*** Opening of Stored data ***
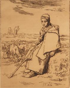 Jean-Francois Millet (French, 1814-1875) Engraving on Paper, H 10” W 8.75”
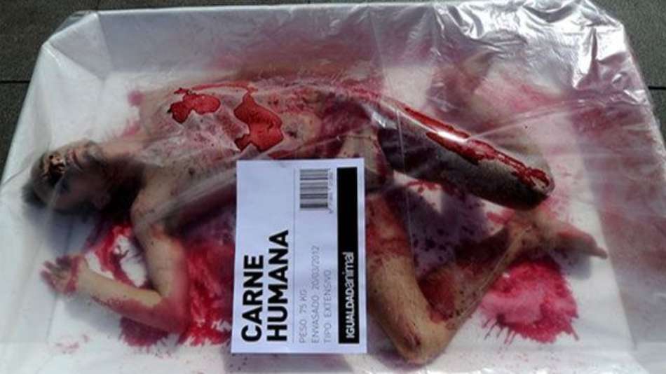 Mundo Grupo faz protesto "sangrento" contra consumo de carne Exibir comentários Compartilhar Cobertos de sangue falso, ativistas se deitam em bandejas embaladas com plástico representando carne humana, na Espanha Atlas Publicidade
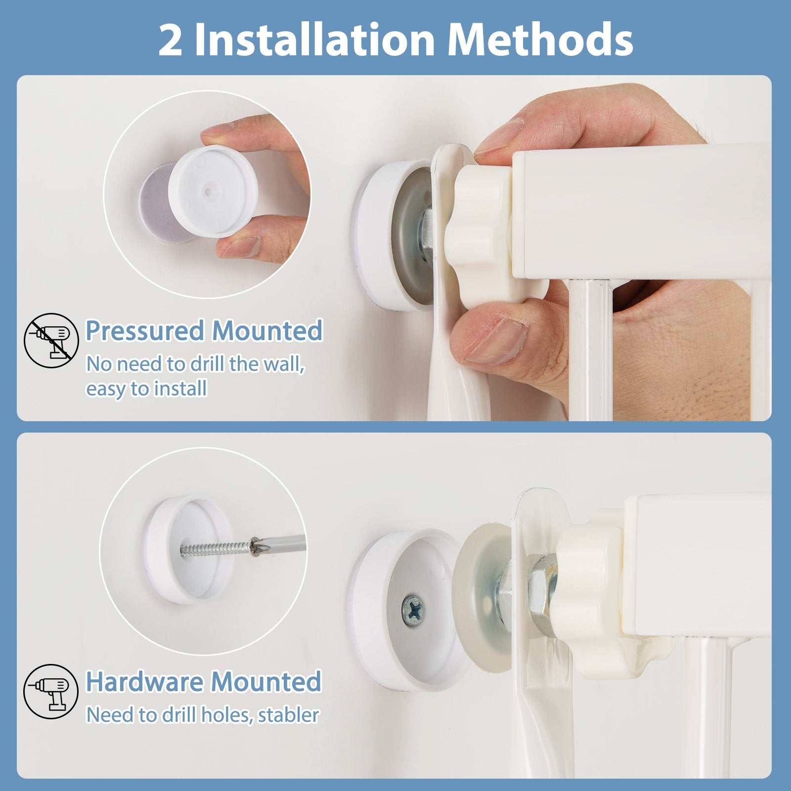 ● 2 Installation Methods: The dog gate is equipped with 4 adjustable pressure mounted kits for a no-drill installation perfect for temporary or semi-permanent setups. Alternatively for more permanent and stable solutions hardware mounted kits are also provided. Warm Tips: Please do not cut off the zip ties until the installation is finished.
*** Close of Stored data ***
== Required action ==
Only the pictures are dropped. Otherwise, write out the listing exactly.

== Solution to this exercise ==
 Jean-Francois Millet (French, 1814-1875) Engraving on Paper, H 10” W 8.75”
 Mundo Grupo faz protesto "sangrento" contra consumo de carne Exibir comentários Compartilhar Cobertos de sangue falso, ativistas se deitam em bandejas embaladas com plástico representando carne humana, na Espanha Atlas Publicidade
 ● 2 Installation Methods: The dog gate is equipped with 4 adjustable pressure mounted kits for a no-drill installation perfect for temporary or semi-permanent setups. Alternatively for more permanent and stable solutions hardware mounted kits are also provided. Warm Tips: Please do not cut off the zip ties until the installation is finished.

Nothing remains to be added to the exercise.